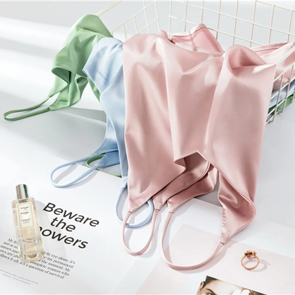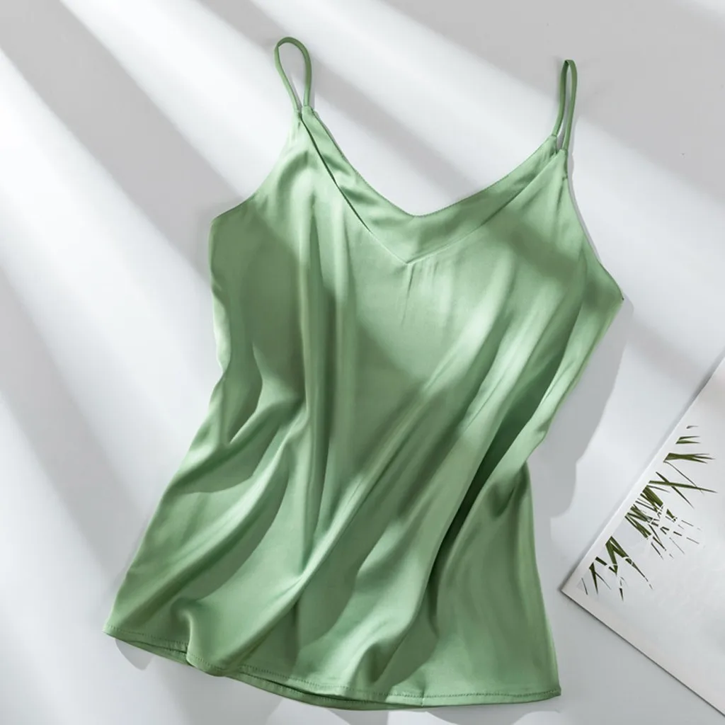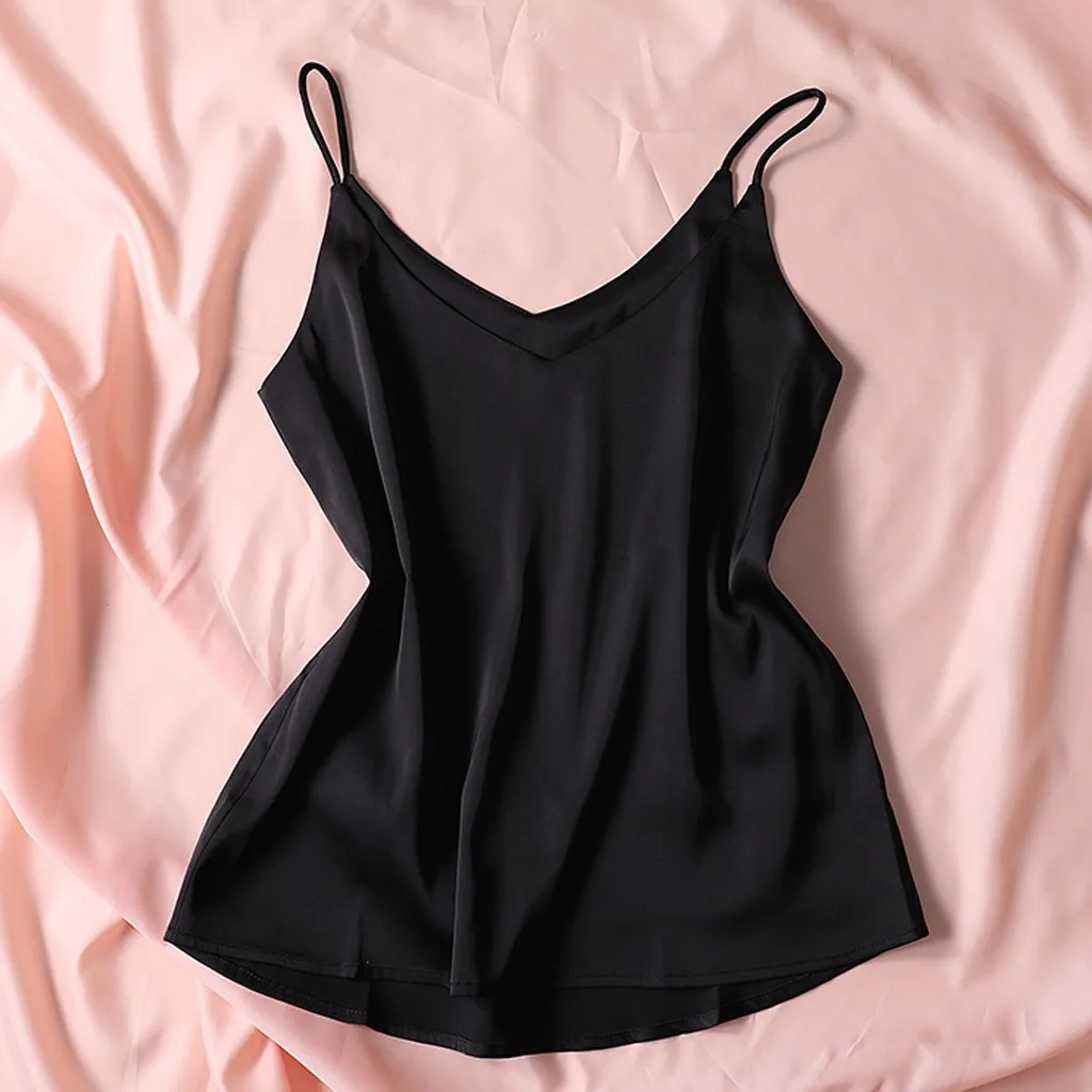 Топ на тонких бретельках Женский, атласный, Шелковый, с V-образным вырезом, без рукавов, летний, размера плюс, 2020
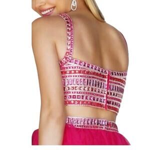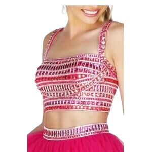 Sherri Hill 2Pc Beaded Crop Tank & Beaded Mini Skirt In Fuchsia Size 0
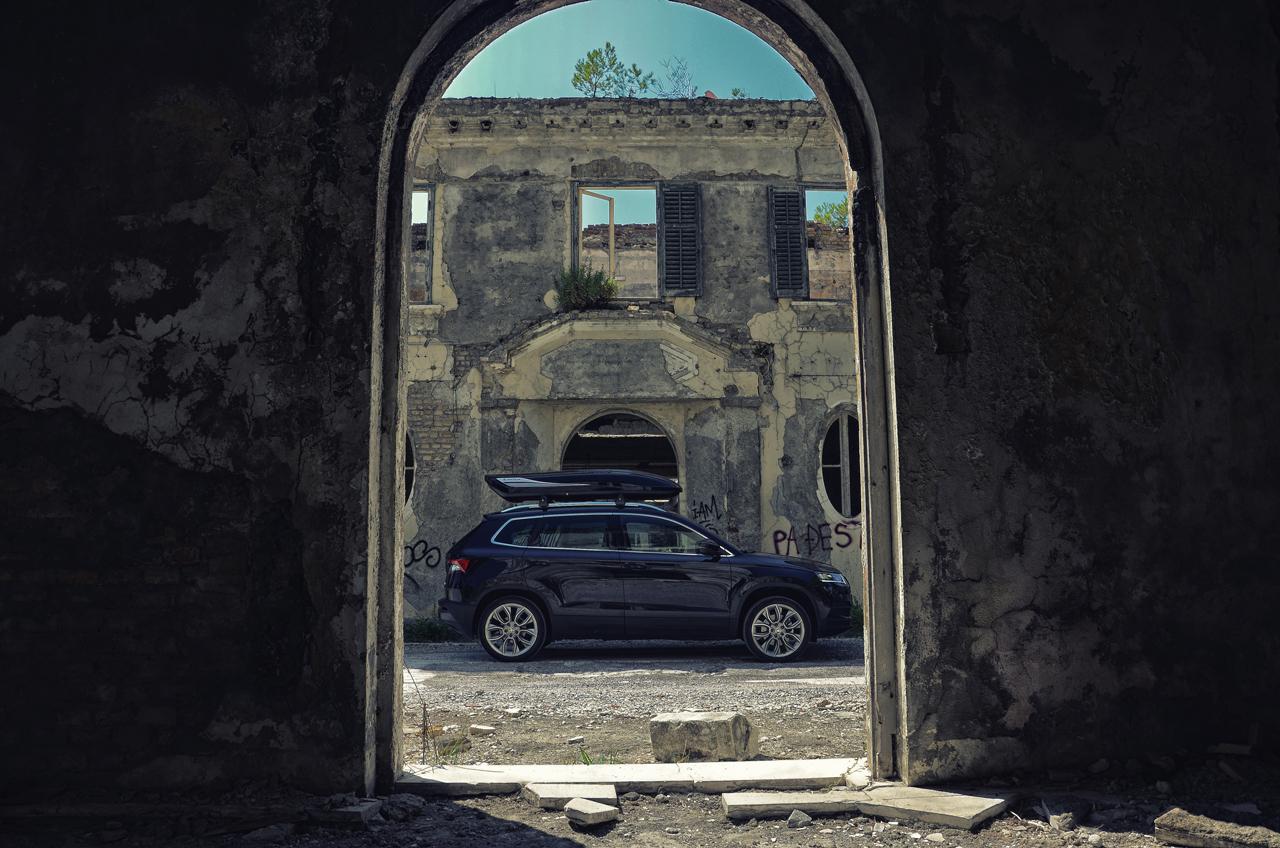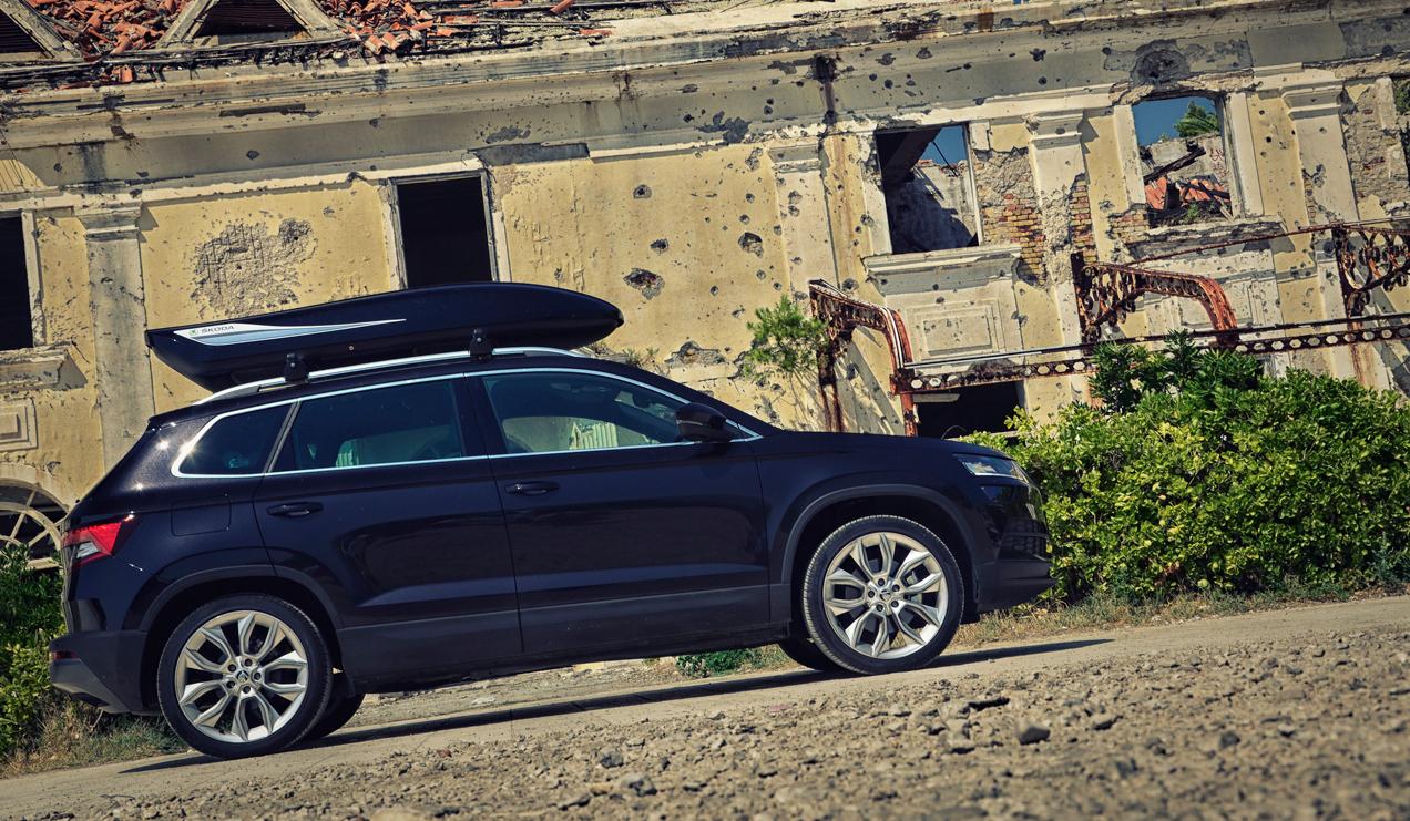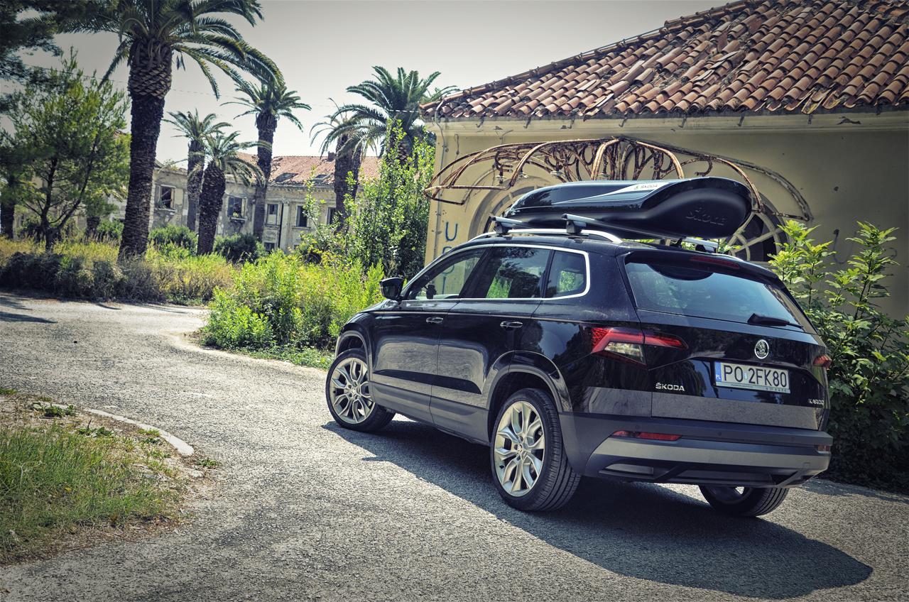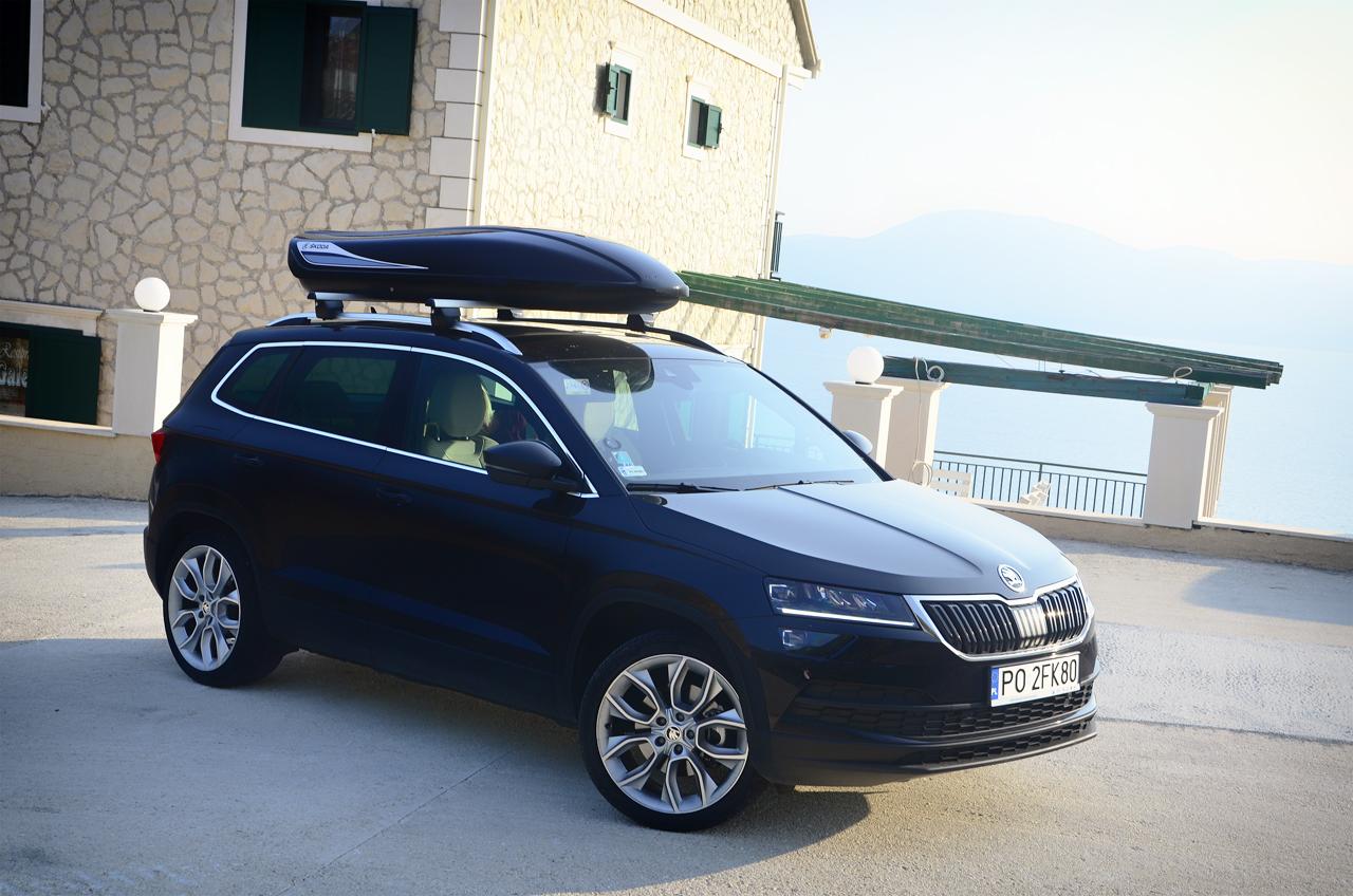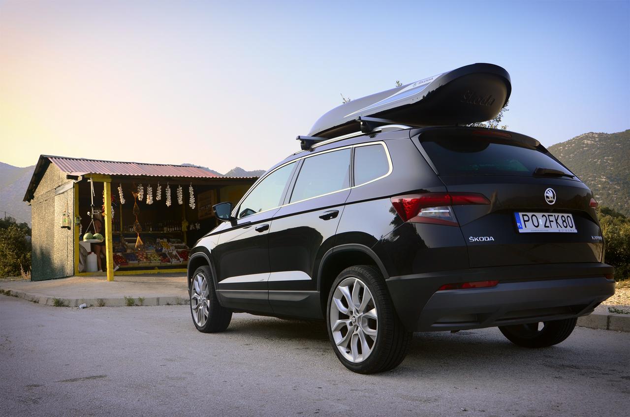 Uratował nas akcesoryjny kufer dachowy. To dodatkowe 1800 zł do ceny samochodu, plus 669 zł za belki poprzeczne, ale to też dodatkowe 381 litrów bagażu, który możemy ze sobą zabrać. W takiej konfiguracji Karoq spełnił już swoje zadanie.

◇ ◇ ◇ ◇ ◇

## Description of the task
When you retype the listing, keep every line exactly as it is and drop the pictures.

## Result for this exercise
 Топ на тонких бретельках Женский, атласный, Шелковый, с V-образным вырезом, без рукавов, летний, размера плюс, 2020
 Sherri Hill 2Pc Beaded Crop Tank & Beaded Mini Skirt In Fuchsia Size 0
 Uratował nas akcesoryjny kufer dachowy. To dodatkowe 1800 zł do ceny samochodu, plus 669 zł za belki poprzeczne, ale to też dodatkowe 381 litrów bagażu, który możemy ze sobą zabrać. W takiej konfiguracji Karoq spełnił już swoje zadanie.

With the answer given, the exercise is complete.